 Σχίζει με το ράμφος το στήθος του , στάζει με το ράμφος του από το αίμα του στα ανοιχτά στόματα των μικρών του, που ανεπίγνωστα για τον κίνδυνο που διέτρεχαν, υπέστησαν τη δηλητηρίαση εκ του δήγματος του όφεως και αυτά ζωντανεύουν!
---
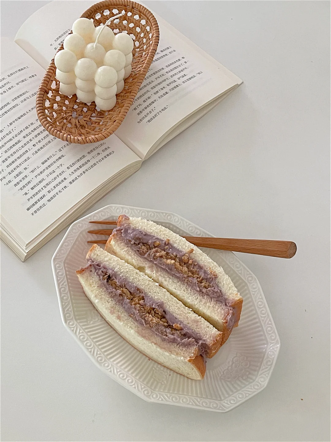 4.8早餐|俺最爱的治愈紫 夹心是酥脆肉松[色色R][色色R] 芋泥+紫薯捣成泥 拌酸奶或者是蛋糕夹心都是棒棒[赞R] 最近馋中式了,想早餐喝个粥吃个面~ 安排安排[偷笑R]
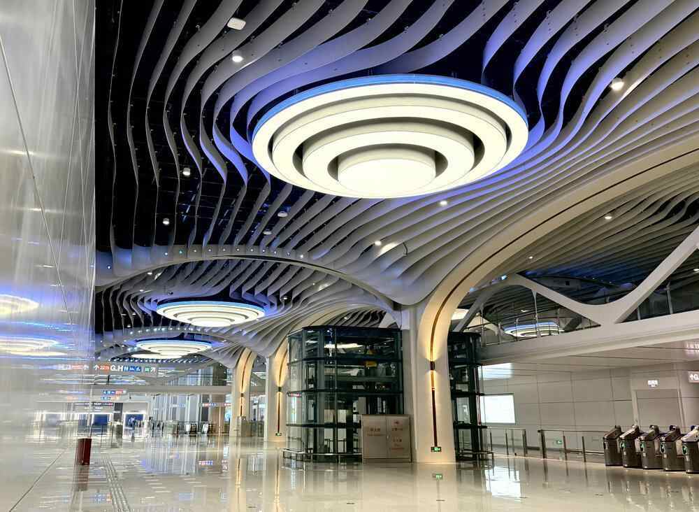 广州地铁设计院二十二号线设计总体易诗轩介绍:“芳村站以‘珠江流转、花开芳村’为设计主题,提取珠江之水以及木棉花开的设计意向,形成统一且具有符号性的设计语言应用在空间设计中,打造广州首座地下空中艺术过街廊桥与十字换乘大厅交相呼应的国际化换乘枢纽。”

EXERCISE:
Copy word for word the span of the records above that begins at the line with "4.8早餐|俺最爱的治愈紫 夹心是酥脆肉松[色色R][色色R] 芋泥+紫薯捣成泥" and ends at the line with "广州地铁设计院二十二号线设计", including those two lines but not the pictures.

RESULT:
 4.8早餐|俺最爱的治愈紫 夹心是酥脆肉松[色色R][色色R] 芋泥+紫薯捣成泥 拌酸奶或者是蛋糕夹心都是棒棒[赞R] 最近馋中式了,想早餐喝个粥吃个面~ 安排安排[偷笑R]
 广州地铁设计院二十二号线设计总体易诗轩介绍:“芳村站以‘珠江流转、花开芳村’为设计主题,提取珠江之水以及木棉花开的设计意向,形成统一且具有符号性的设计语言应用在空间设计中,打造广州首座地下空中艺术过街廊桥与十字换乘大厅交相呼应的国际化换乘枢纽。”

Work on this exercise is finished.